Sunshine Week 2016

Sunshine Week recognizes the Open Government laws that every state has and that the federal government has with the Freedom of Information Act (FOIA). It’s an initiative from news organizations all around the country and it is celebrated during this week in March because it coincides with the birthday of James Madison, the Founding Father who articulated the need for an informed electorate for democracy to function properly.

The Center for Public Integrity recently published their latest report on access to government records. They gave Colorado an F grade. Jeffrey A. Roberts, Executive Director of the Colorado Freedom of Information Coalition says that failing grade is due to several factors. “Part of the reason that Colorado got an F is that we don’t have any kind of central agency that oversees the public records and open meetings laws and so if someone feels that they’ve been improperly denied a record that is supposed to be public or they’re denied access to a school board executive session, where they’ve closed the door and they feel like they did that improperly.
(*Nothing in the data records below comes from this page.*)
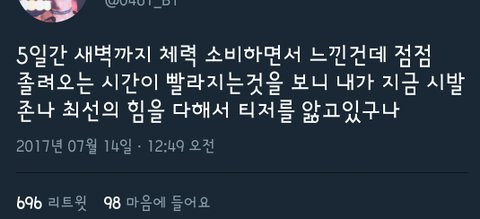 나 첫티져때 밤샜는데 점점 일찍자다 열이때10시에자고 어제 초저녁7시에잠ㅋㅋㅋㅋㅋㅋㅋㅋ시바 오늘도 조카졸려......
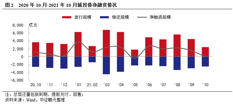 10月份城投債發行規模環比大幅下降。10月份,各品種城投債共發行327只,發行規模2,435.81億元,發行數量和規模同比分別下降28%和33%,環比分別下降50%和45%;其中,交易所、銀行間市場、企業債城投債券發行規模環比分別下降65%、25%、81%;10月份,城投債凈償還64.93億元,為今年第二次月度呈現凈償還。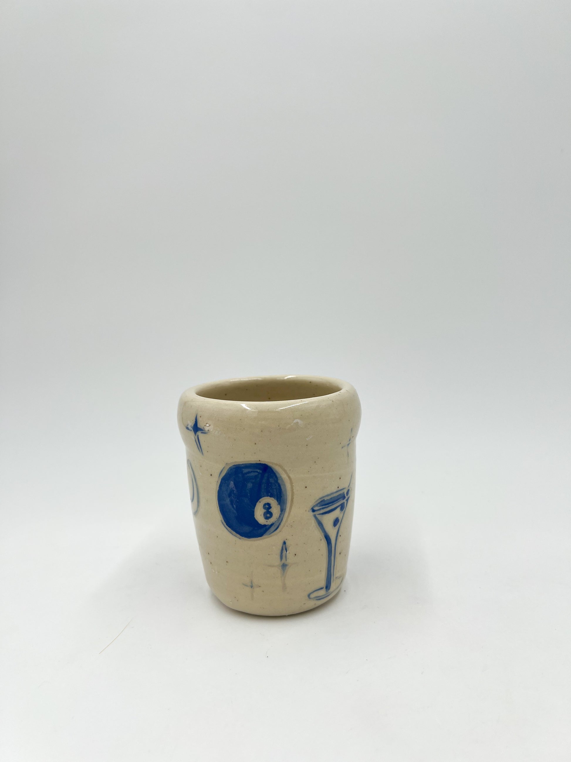 Handthrown stoneware cup with sgraffito'd details straight out of my sketchbook. Flash inspired. Every piece is one of a kind.
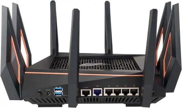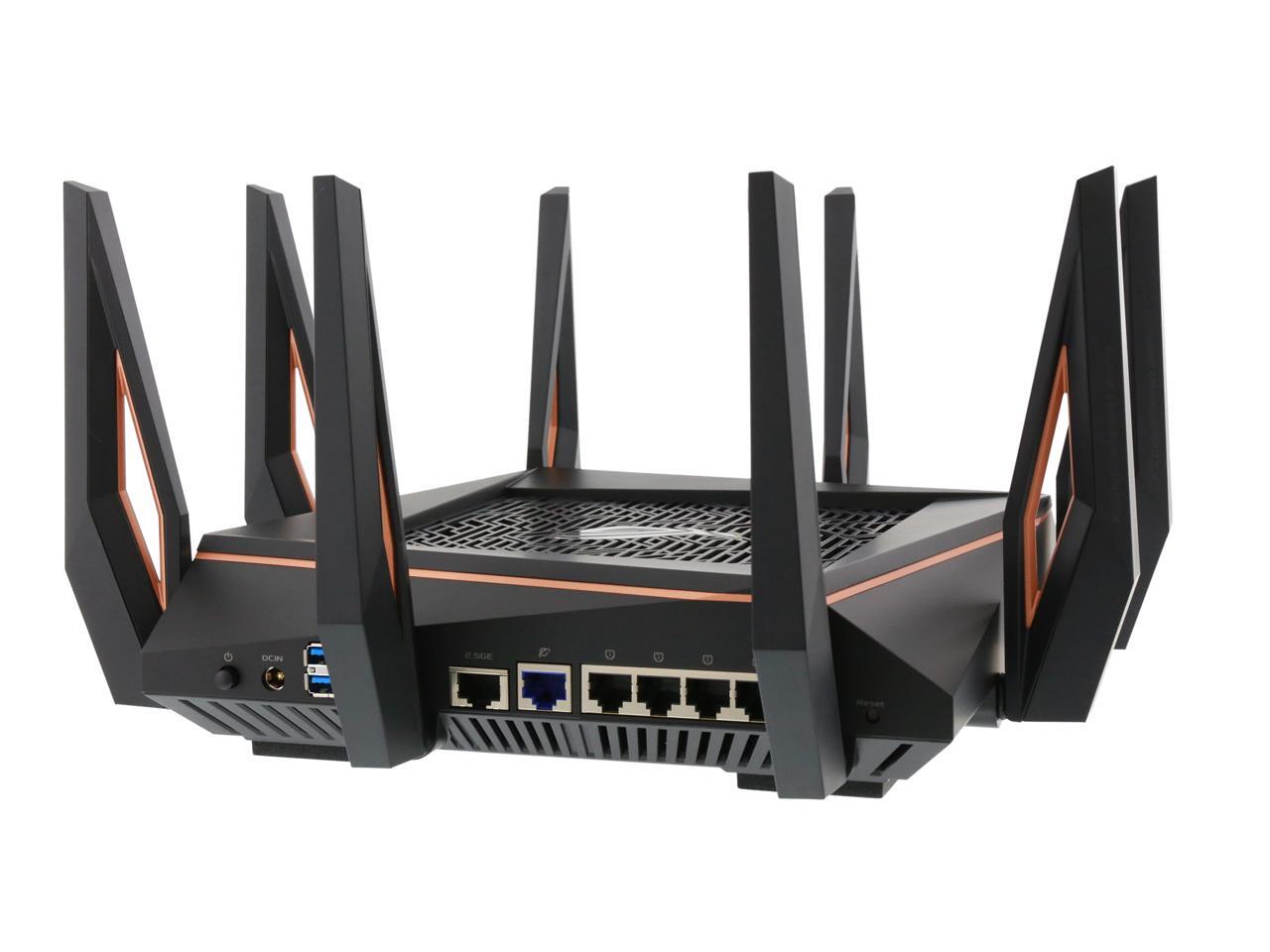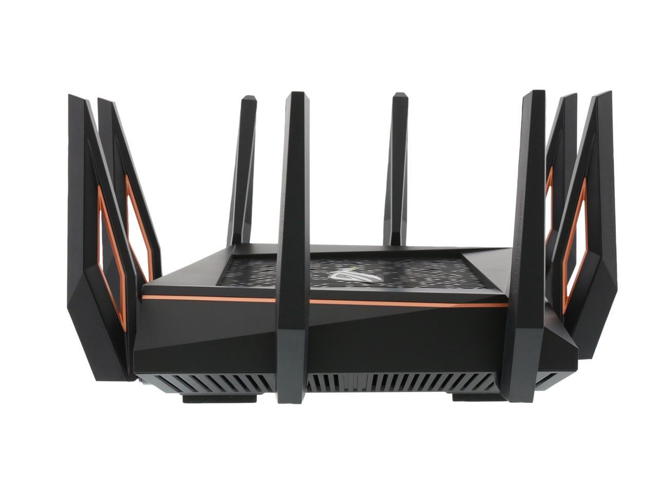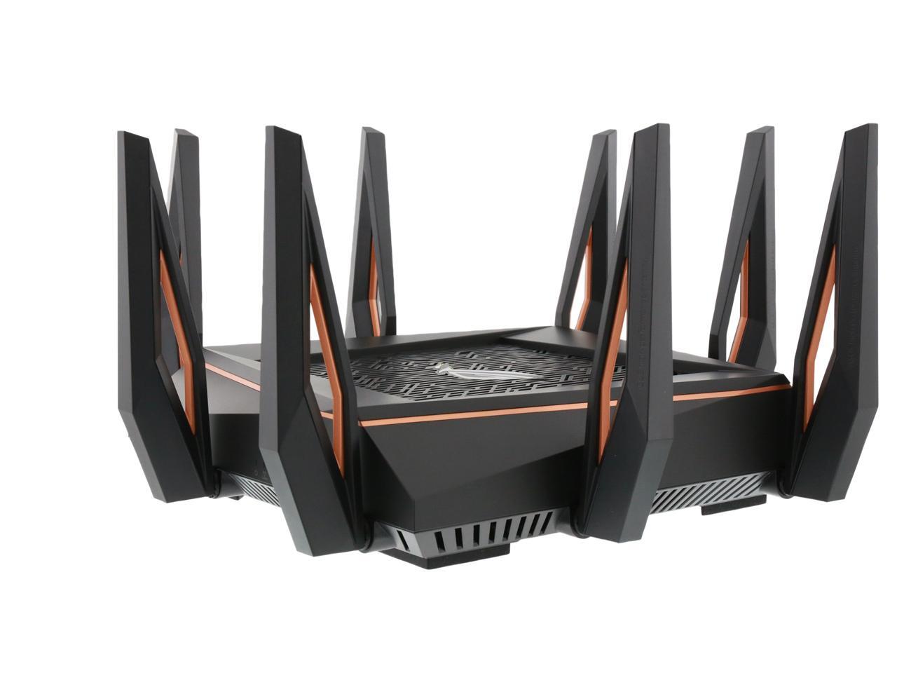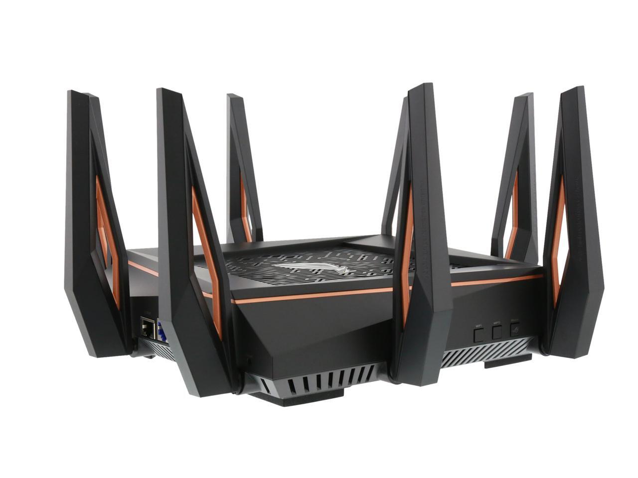 | Features | Link Aggregation - 802.3ad MU-MIMO Traffic Analyzer Adaptive QoS WTFast Gamers Private Network AiProtection Pro Parental Control Guest Network : 2.4 GHz x 3, 5 GHz-1 x 3, 5 GHz-2 x 3 VPN server : IPSec Pass-Through, PPTP Pass-Through, L2TP Pass-Through, PPTP Server, OpenVPN Server VPN client : PPTP client, L2TP client, OpenVPN client Mac OS Backup Enhanced media server (AiPlayer app compatible) - Image : Jpeg - Audio : mp3, wma, wav, pcm, mp4, lpcm, ogg - Video : asf, avi, divx, mpeg, mpg, ts, vob, wmv, mkv, mov AiCloud personal cloud service 3G/4G data sharing Printer Server - Multifunctional printer support (Windows only) - LPR protocol support Download Master - Support bt, nzb, http, ed2k - Support encryption, DHT, PEX and magnet link - Upload and download bandwidth control - Download scheduling AiDisk file server - Samba and FTP server with account management Dual WAN IPTV support Roaming Assist |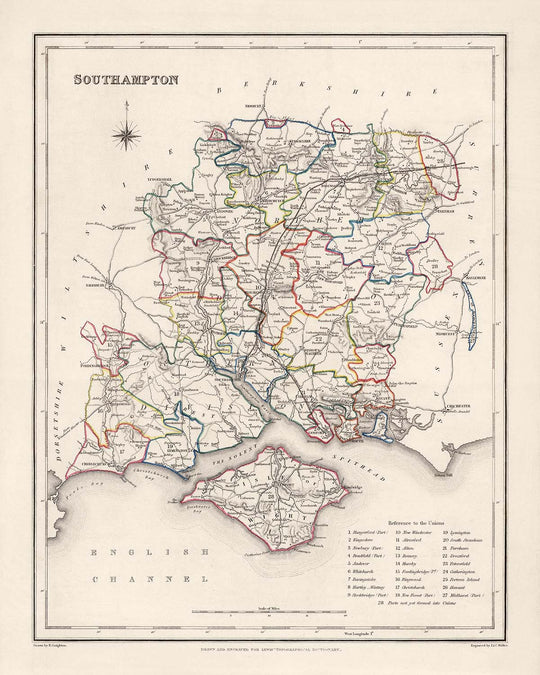 Tener este antiguo mapa del Condado de Southampton te permite profundizar en el pasado y explorar las fronteras históricas, asentamientos notables y características naturales de esta cautivadora región en Inglaterra. Es una pieza valiosa para los entusiastas de la historia, aficionados a la cartografía y cualquier persona que aprecie la belleza y la importancia de los mapas antiguos.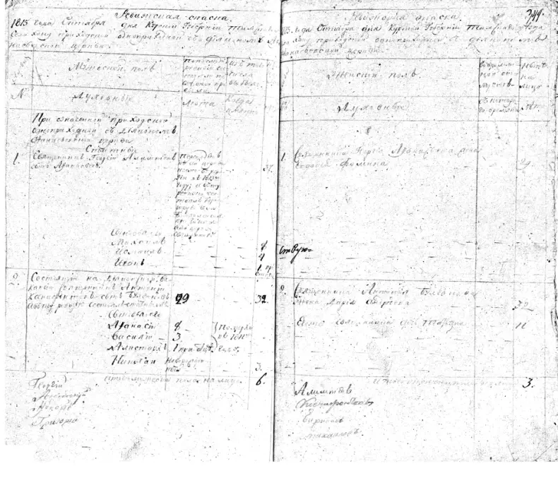По «ревизским сказкам» 7-й подушной переписи населения 1815 года штат Афанасьевской церкви состоял из: священника Георгия Алимпеева сына Афанасьева, 37 лет, переведённого в 1813 году из Богоявленской церкви села Богоявленского Курского уезда. состоящего на дьяконской вакансии священника Антония Ксенофонтова сына Булгакова, 32 лет; дьячка Фёдора Борисова сына Истомина, 31 год; пономаря Григория Михайлова сына Истомина, 30 лет. [6]

There’s really no recourse in Colorado except for someone going to court and that can be an expensive thing. If you win you can get your attorney’s fees and court costs recovered, but that’s not a guarantee, and it can be an intimidating thing because you’re going up against a government attorney.”

Roberts points to alternative processes that exist in other states, like having a mediator or an alternate agency that takes the complaints “it doesn’t always work that well in these other states, but it’s another way of going about it aside from just having to give up or file a lawsuit.”

In a recent post on Sunshine Week, Roberts writes about Rocky Mountain PBS investigative reporter Katie Wilcox who requested five years of police records from six cities for a series on race she was working on. Wilcox had different experiences depending on the city.

Roberts writes that “Grand Junction provided information from its field interviews at no charge. Pueblo billed Wilcox $20, Colorado Springs asked for $88 and Fort Collins quoted her $60. Denver doesn’t keep the data by race.

Aurora’s price? $290.85. And that’s for 1,151 printed pages from a database. Not an Excel spreadsheet like Wilcox received from other cities. If she wants to inspect all 22,309 reports, she’ll have to pay the city $111,510.40 to cover the cost of copies and the redaction of any confidential information.”

Roberts says that Wilcox had to essentially recreate the data base from those pages and he adds that while reporters like Wilcox can do this “many people in the public if they wanted to try and do the same thing or analyze records in this way,they may not know how to do this and it’s very difficult.”

Earlier this year, Sen. John Kefalas a Democrat from Fort Collins, introduced legislation that would have required that public records kept in database formats be available to the public in similar formats. SB 16-037 died on a 3-2 vote in a Senate committee.